I wrote some comments there, trying to make the opposite strong: That God was not for the stronger to press the weaker (which is the effect of capitalism) but for people to help one another (which means redistribution which is according to Jim „socialism“). The problem there was that Jim wanted bible proof, and I really had a hard time, because actually the society and the government systems in biblical times were a lot different from today and you rather need to read and understand the whole bible to get the point, rather than using it as a quarry to break out those verses that support your point. So I decided to write this article, not to prove my point, because from a very close to bible perspective it is hard to speak out for anything in our modern world. One could even claim without a big problem that God was against democracy, because it is never mentioned in the bible, while kings or judges as rulers can be found everywhere… This is why I am not going to prove my point here, but disprove Jim’s position, which I shall try to do from a close to the bible text perspective, so Jim and I can actually talk with one another. We couldn’t if I’d stick to more liberal ways.

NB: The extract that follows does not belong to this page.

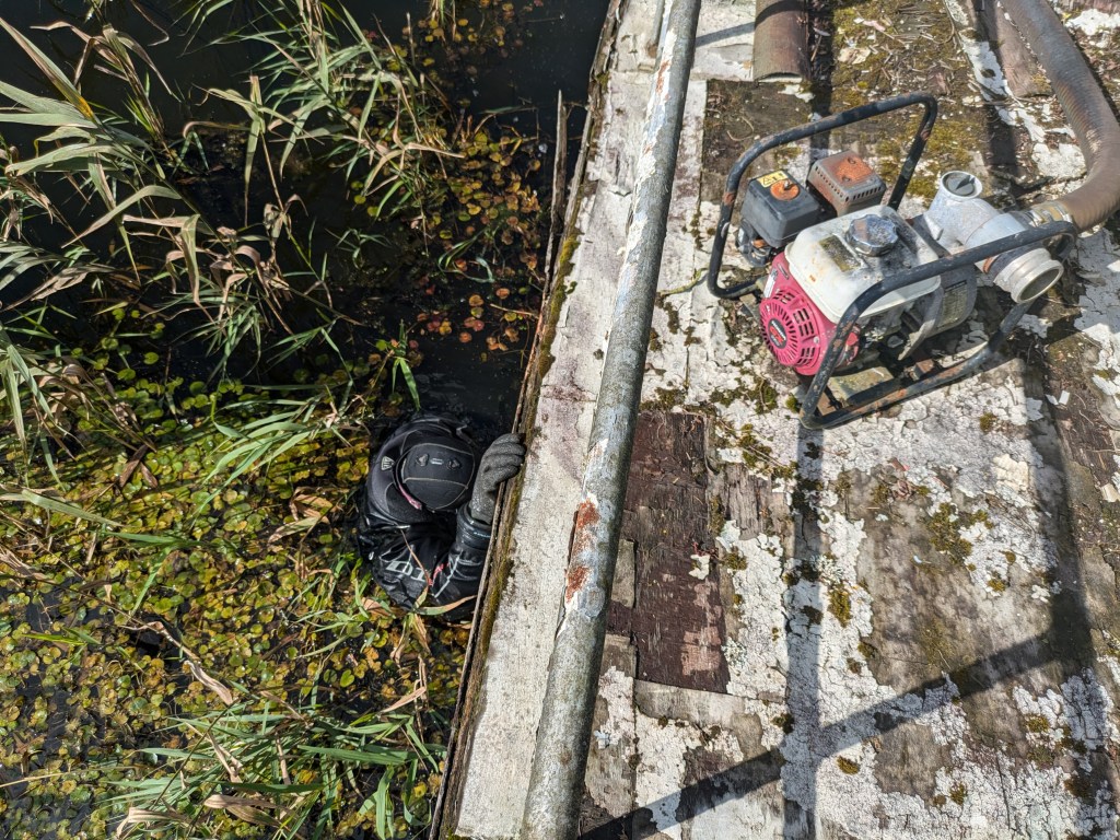 Nick disappeared nto the murky and cold water to try and find and plug any holes that the pumping uncovered

So if you were looking for an argument for „socialism“ from a position of faith, but also comprehendable for the liberal reader, you might just want to look here.

Jim starts by stating the following:

The Bible is always up to date. It has always been ahead of the times. There is no way to ever catch God off guard. God has something to say concerning most everything and that includes systems of governing and economics.

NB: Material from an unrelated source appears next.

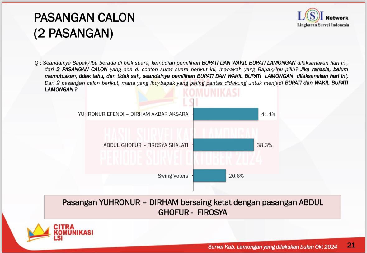 Lamongan,Aksesnusantara.id – Persaingan ketat di Pilkada Lamongan 2024 sudah terasa sejak awal Pendaftaran. Pasangan Calon Bupati dan Wakil Bupati Lamongan Bagus, Abdul Ghofur-Firosya Shalati dengan elektabilitas 38,3 persen berpotensi menyalip paslon Yuhronur Effendi-Dirham di Pilkada yang elektabilitasnya baru 41,1 persen, Hanya selisih kurang dari 3 persen dalam margin of error sebesar 3,5%, menunjukkan persaingan yang semakin ketat di Pilkada Kabupaten Lamongan, berdasarkan hasil Lingkaran Survei Indonesia (LSI) Network Denny JA.

I would agree that the bible is always up to date. We need no new one (though some seem to think we do). And certainly we never catch God off guard (though I hope we can agree God is not the bible, but no, let’s not discuss this here). What I want to point out is that while God certainly has something to say on everything, we have no reason to think it would all be in the bible. There are plenty things the bible says nothing about. We can get an idea of things, reading the bible and using our reasoning to find out what it would mean today, but that’s it. Even the bible doesn’t say that the bible would give us recipes for every problem, right?

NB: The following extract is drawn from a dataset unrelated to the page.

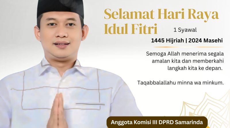 SAMARINDA – Anggota DPRD Samarinda dari Partai Demokrat Eko Elyasmoko menyampaikan ucapan Selamat Hari Raya Idul Fitri. Dan tak lupa menyampaikan permohonan maaf lahir dan bathin.

The first thing before delving into the subject is to recognize there is no fool-proof system as to fairness.  No system has all the answers. Jesus Christ is the answer for mankind, not socialism, not capitalism and not a system in between.

Or beyond. Right. No problem with that.

The Bible commands us to give to the poor. God even expects poor people to give.

He bases this on Mk 12, 41-44. I wouldn’t say God expects poor people to give, but He praises poor people who give. Jesus didn’t say it was the woman’s obligation to give what she had. It’s about the faith of the woman rather than about the giving, though the giving proves the faith.

Then he makes a point that God wants a cheerful giver, which is right, and he quotes 2. Corinthians 9, 7-8:

Every man according as he purposeth in his heart, so let him give; not grudgingly, or of necessity: for God loveth a cheerful giver. And God is able to make all grace abound toward you; that ye, always having all sufficiency in all things, may abound to every good work

From this Jim draws the conclusion:

When you force someone to give what is theirs, you violate Scripture.

I don’t know where he finds this. 2. Cor speaks about Paul collecting for the Christians in Jerusalem. In this situation Paul says no one shall give of necessity or grundgingly. I don’t know how this could mean that generally „forced giving“ would violate scripture. It’s not charity, right. I wouldn’t even call it giving, but this does not say that any forced giving does violate scripture. Taxes are forced, still Jesus says that taxes should be paid (Mt 22, 21). You could maybe argue that forced giving does not count like giving to the poor out of free decision, I’d agree here, so if you try to fill your account of good deeds, you cannot count paying taxes to it, for example. Or any other time where you have the obligation to give. But the existence of obligations to give itself does not violate scripture.

Jim goes on:

There is no Scripture that contradicts 2nd Corinthians 9:7-8 If you can find it to be so please show me.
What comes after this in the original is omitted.